REQUIRED ACTION:
Give a verbatim copy of the lines below, minus the pictures.

RECORDS PROVIDED:
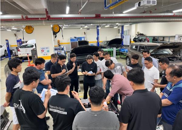 교육은 △전기차 고전압 안전 관리 △전기차 시스템 이해 △전기차 고장진단 및 수리 △최신 정비 사례 등 현장에서 실질적으로 도움이 되는 이론과 실습으로 구성됐다.
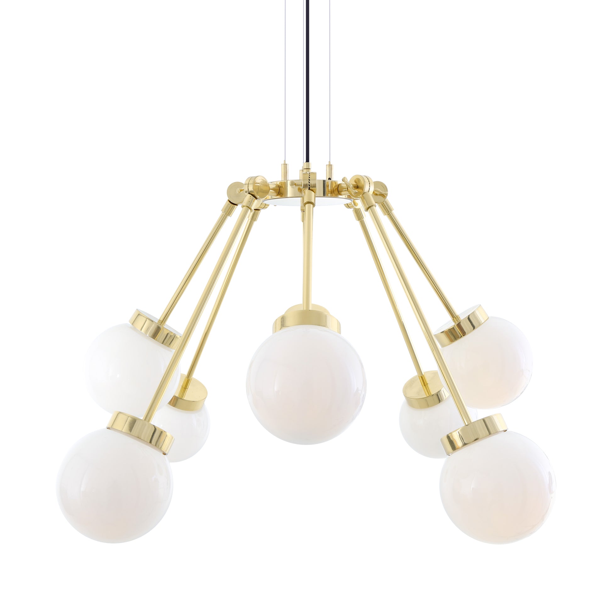 An adjustable swivel joint where each brass arm meets the Boho's cylindrical centre allows each arm to be adjusted up or down accordingly. This adjustment allows the Boho chandelier's diameter to increase from 460mm to 1400mm at its widest. The size of the chandelier's span can be adjusted to suit the proportions of its installed environment.
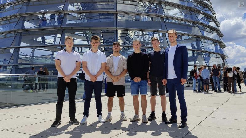 Fünf Schüler der aktuellen Abiturstufe nutzten die schulfreien Tage nach den mündlichen Prüfungen, um sich auf eine politische Bildungsfahrt zu begeben. Organisiert wurde die Fahrt von unserem ehemaligen Schüler, Robin Mesarosch, welcher inzwischen als Abgeordneter im Bundestag sitzt. Das Programm umfasste u.a. eine Besichtigung des Reichstagsgebäudes, eine Diskussionsrunde mit Robin Mesarosch und eine Stadtrundfahrt.
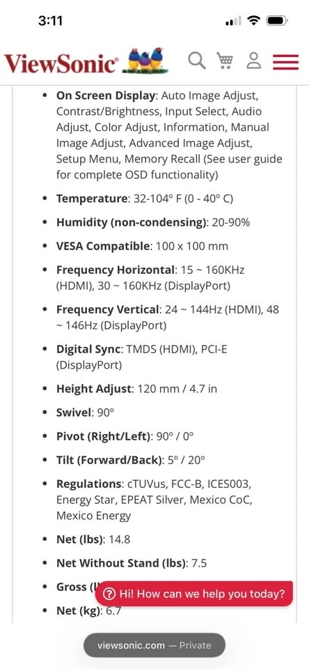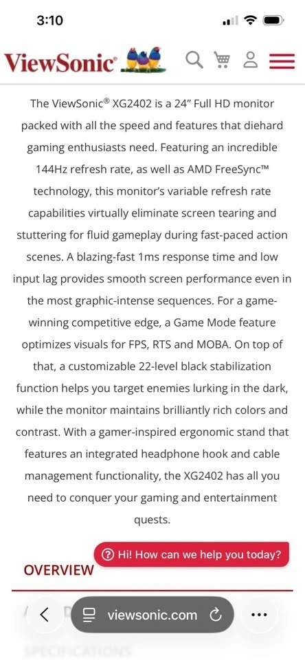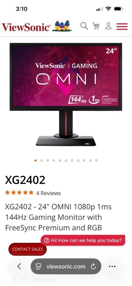 Viewsonic XG2402 24" 1080P Full HD 144Hz Gaming Monitor W/ FreeSync Premium and RGB.
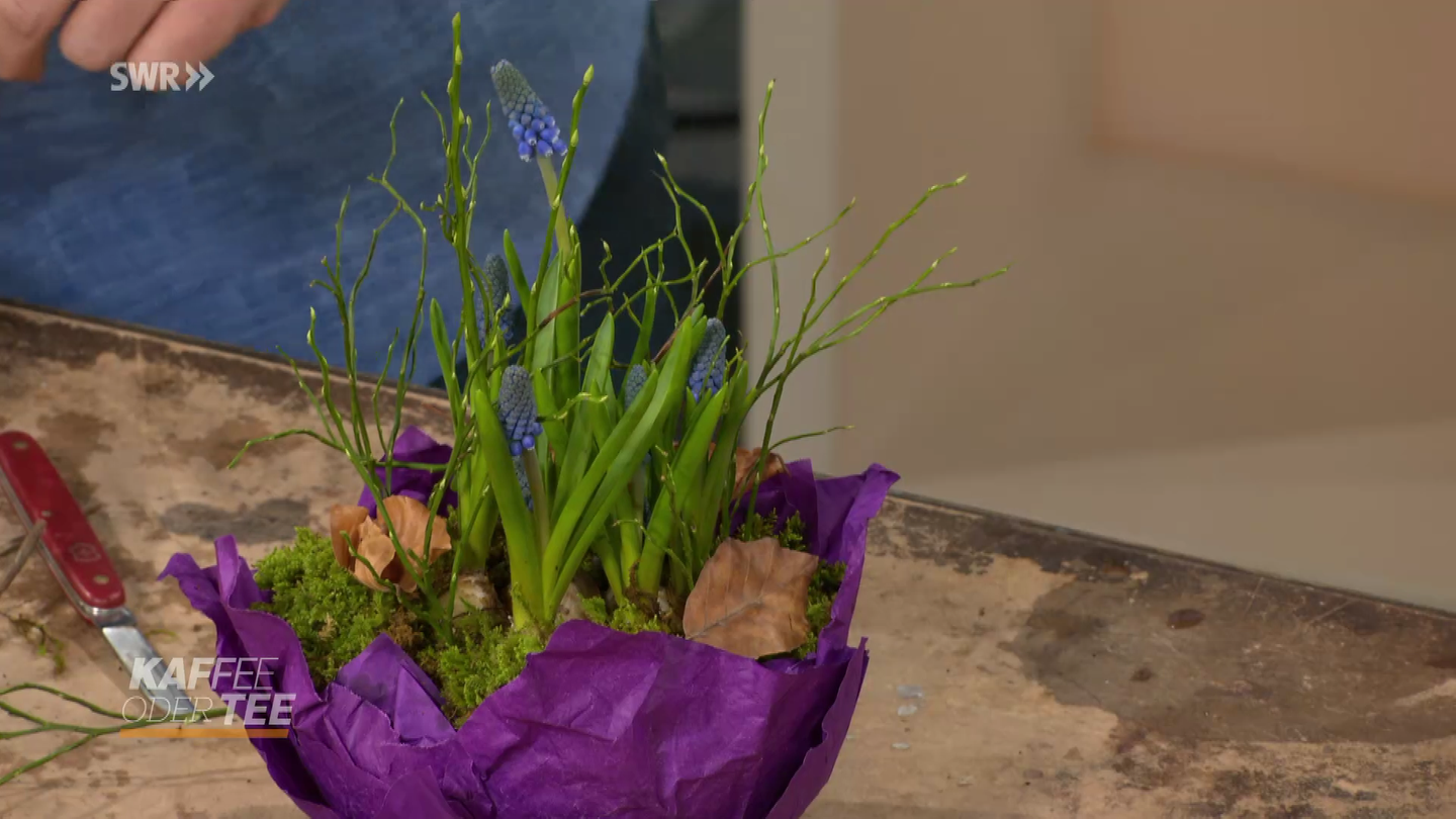 5. Die Wurzeln der Traubenhyazinthen leicht anfeuchten, mit Moos großzügig umwickeln und in die Schale setzen. Alles mit Zweigen ausdekorieren.
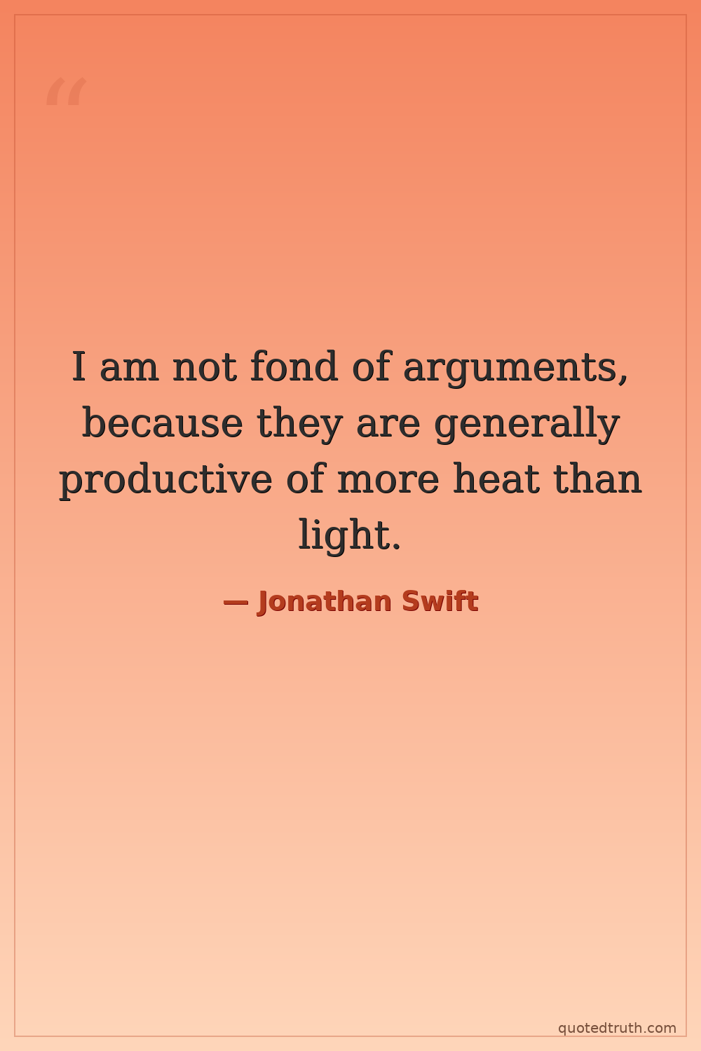 I am not fond of arguments, because they are generally productive of more heat than light.
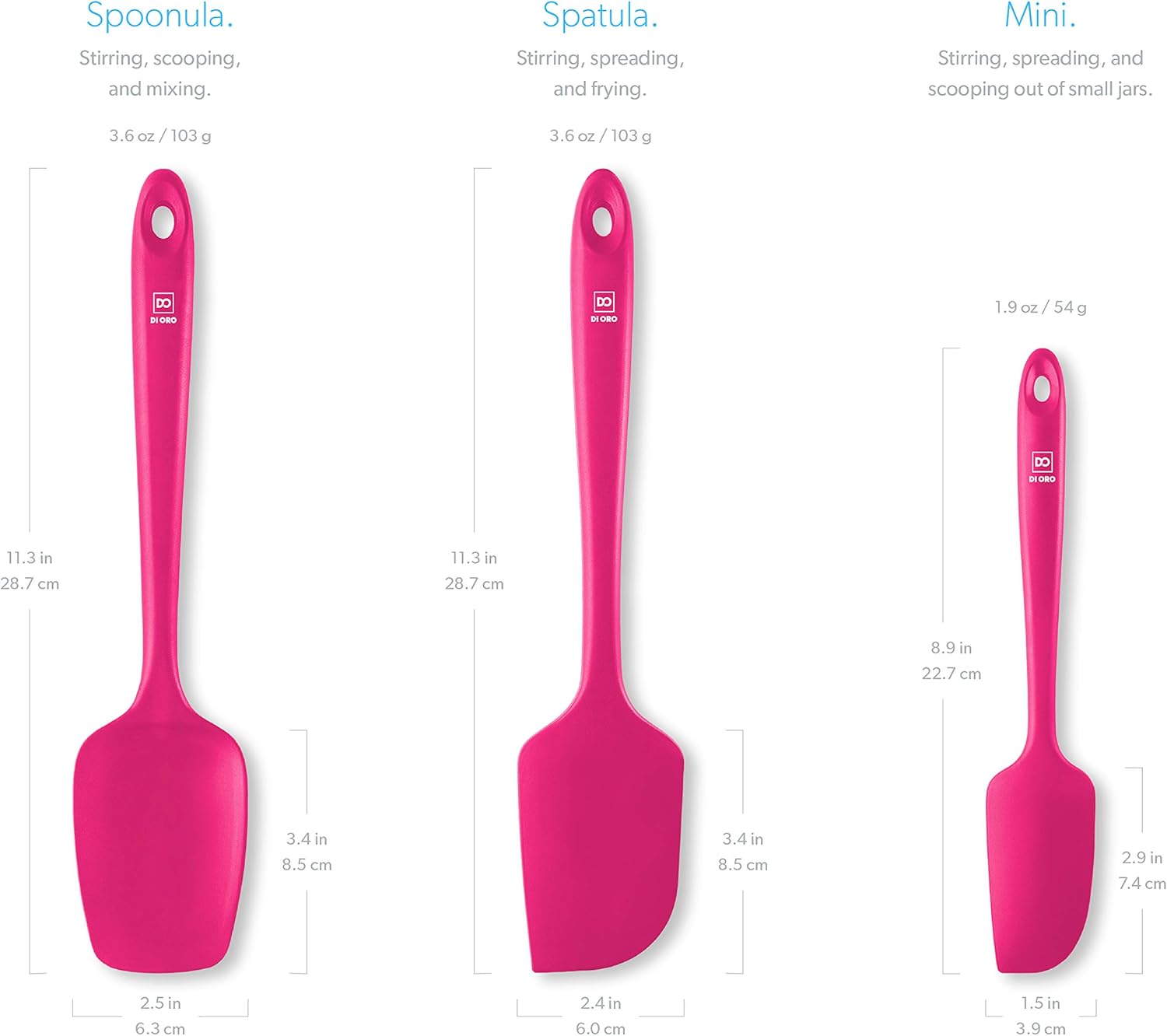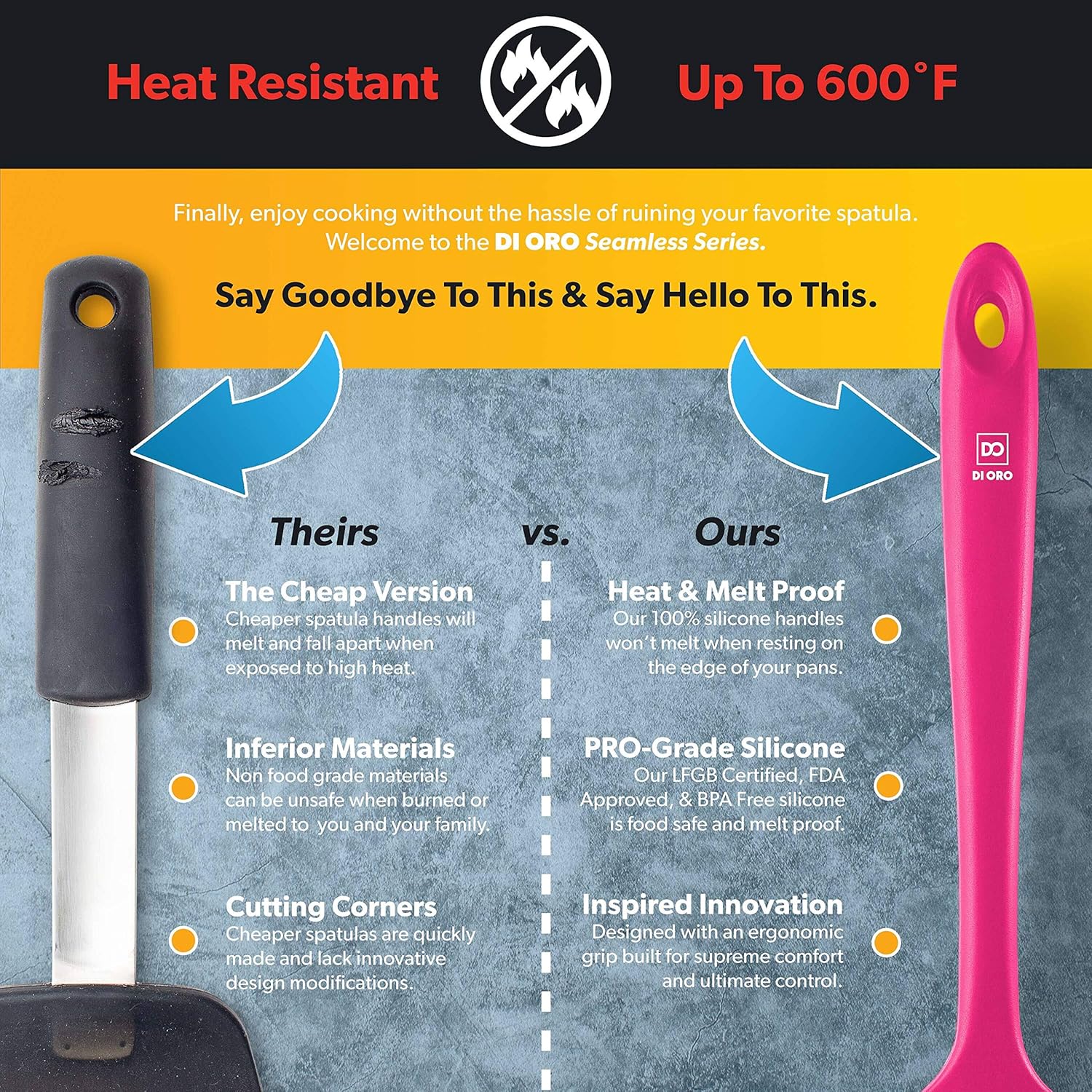 - ONLY THE BEST – The DI ORO Seamless Series Spoonula is made with food grade, BPA Free, and LFGB Certified Silicone. Built to withstand the heat, our versatile and dependable spoonula is heat-resistant up to 600°F, which means you will never melt your favorite kitchen utensil.

WRITTEN SOLUTION:
 교육은 △전기차 고전압 안전 관리 △전기차 시스템 이해 △전기차 고장진단 및 수리 △최신 정비 사례 등 현장에서 실질적으로 도움이 되는 이론과 실습으로 구성됐다.
 An adjustable swivel joint where each brass arm meets the Boho's cylindrical centre allows each arm to be adjusted up or down accordingly. This adjustment allows the Boho chandelier's diameter to increase from 460mm to 1400mm at its widest. The size of the chandelier's span can be adjusted to suit the proportions of its installed environment.
 Fünf Schüler der aktuellen Abiturstufe nutzten die schulfreien Tage nach den mündlichen Prüfungen, um sich auf eine politische Bildungsfahrt zu begeben. Organisiert wurde die Fahrt von unserem ehemaligen Schüler, Robin Mesarosch, welcher inzwischen als Abgeordneter im Bundestag sitzt. Das Programm umfasste u.a. eine Besichtigung des Reichstagsgebäudes, eine Diskussionsrunde mit Robin Mesarosch und eine Stadtrundfahrt.
 Viewsonic XG2402 24" 1080P Full HD 144Hz Gaming Monitor W/ FreeSync Premium and RGB.
 5. Die Wurzeln der Traubenhyazinthen leicht anfeuchten, mit Moos großzügig umwickeln und in die Schale setzen. Alles mit Zweigen ausdekorieren.
 I am not fond of arguments, because they are generally productive of more heat than light.
 - ONLY THE BEST – The DI ORO Seamless Series Spoonula is made with food grade, BPA Free, and LFGB Certified Silicone. Built to withstand the heat, our versatile and dependable spoonula is heat-resistant up to 600°F, which means you will never melt your favorite kitchen utensil.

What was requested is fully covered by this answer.